The dreaded spreadsheet: It’s often cited by FinTech players as one of the most cumbersome and least efficient manual accounting tools. Excel spreadsheets can be the epitome of laborious and error-prone cash management solutions, especially as accounting software firms promote the benefits of automation.
Reports on Monday (July 18) revealed Xero’s latest efforts to penetrate the Asian markets, having already entered into Singapore, Hong Kong, Malaysia and the Philippines. But Shaun Burke, the company’s regional sales director for Asia, says the region offers massive potential for growth, especially since the use of manual tools by SMEs here remains commonplace.
According to Xero, spreadsheets remain popular but, even worse, so do handwritten ledgers.
“The adoption of cloud and integrated solutions at the business level is still something that’s a little bit new here, and I think, from an accounting perspective, moving over to those technologies is still a bit of a step change when some firms are still using Excel,” Burke said in an interview with Scoop.

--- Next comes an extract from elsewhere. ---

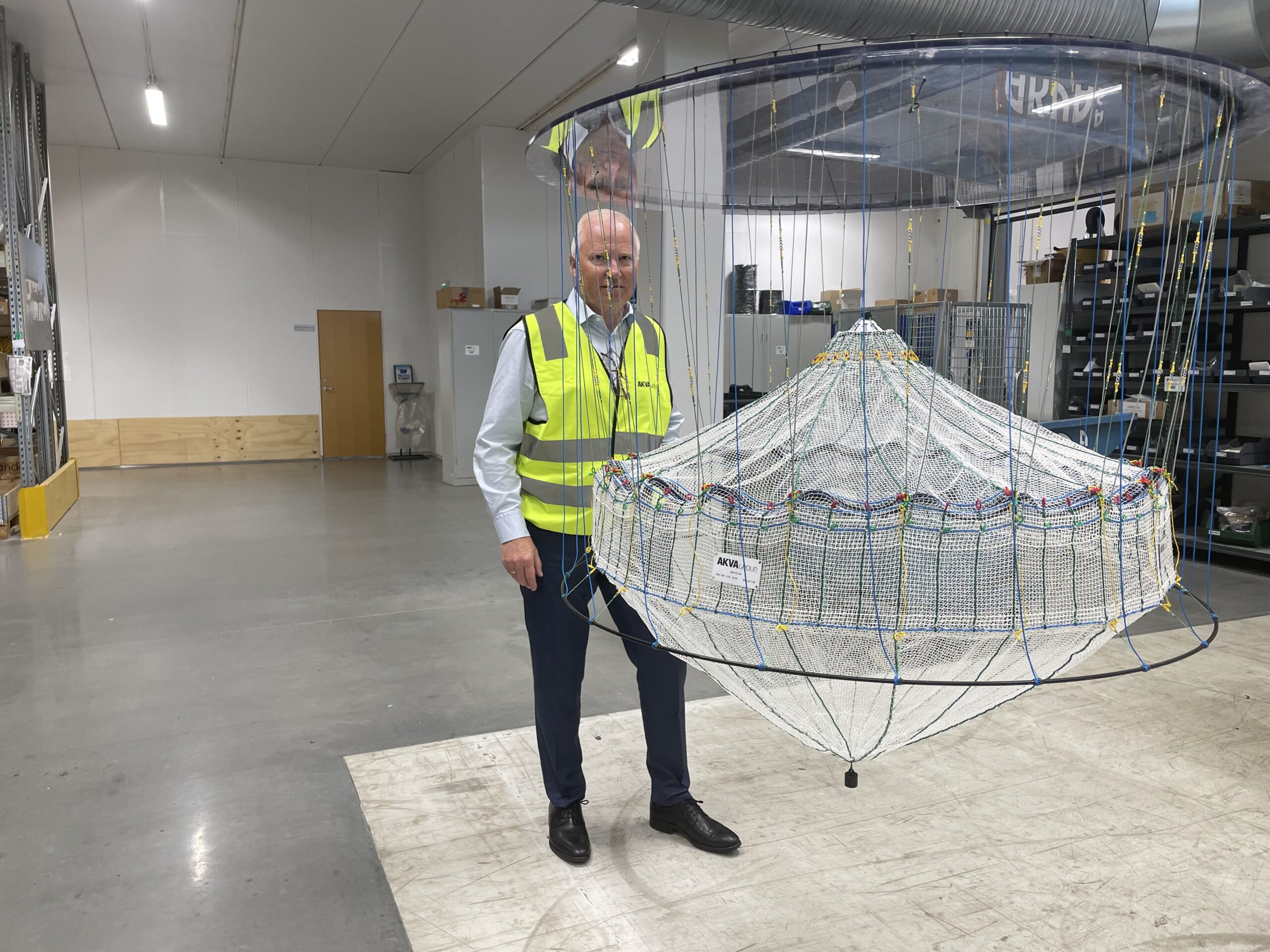 AKVA group-sjef Knut Nesse viser frem en modell av selskapets nedsenkbare merder. Foto: Aslak Berge

The outlet also highlighted analysis from the Asia Cloud Computing Association that found a flurry of challenges for cloud technology to gain traction in the Asia-Pacific region, including regulation that varies from country to country, fragmented markets and more.
Burke also pointed to a lack of experience with regulation and SMEs’ compliance efforts in some APAC markets as another challenge. He told reporters that Xero sees tens of millions of potential SME customers across APAC.